William Farel
From Wikipedia, the free encyclopedia
William Farel (Guillaume Farel, 1489 – September 13, 1565), was a French evangelist, and a founder of the Reformed Church in the cantons of Neuchâtel, Berne and Geneva, and the Canton of Vaud Switzerland. He is most often remembered for having persuaded John Calvin to remain in Geneva in 1536, and for persuading him to return there in 1541, after their expulsion in 1538. They influenced the government of Geneva to the point that it became a theocratic state known as "Protestant Rome" where Protestants took refuge and non-Protestants were persecuted. Together with Calvin, Farel worked to train missionary preachers who spread the Protestant cause to other countries, and especially to France.
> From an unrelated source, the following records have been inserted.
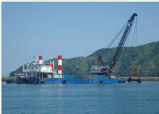
小浜漁港浚渫工事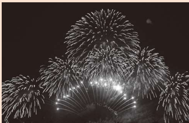
▲昨年開催された第1回おみたま花火大会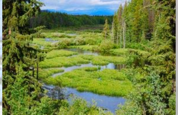
Een van de vele swamps die je onderweg tegen komt.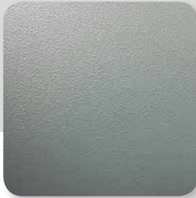
silbergrau genarbt silver grey grained

Farel was a fiery preacher and an energetic critic of the Roman Catholic Church. In the earliest years of the Reformation in France, he was a pupil of the pro-reform Catholic priest, Jacques Lefevre d'Etaples. While working with Lefevre in Meaux, he came under the influence of Lutheran ideas and became an avid promoter of them. He was forced to flee to Switzerland because of controversy that was aroused by his writings against the use of images in Christian worship.
Interesting to note that as Calvin's friend, Farel was a promoter of Lutheran ideas in his youth. Today Calvinism and Lutheranism are two complete separate denominations, but Farel's relationship with both would show they had more in common than what is shown today.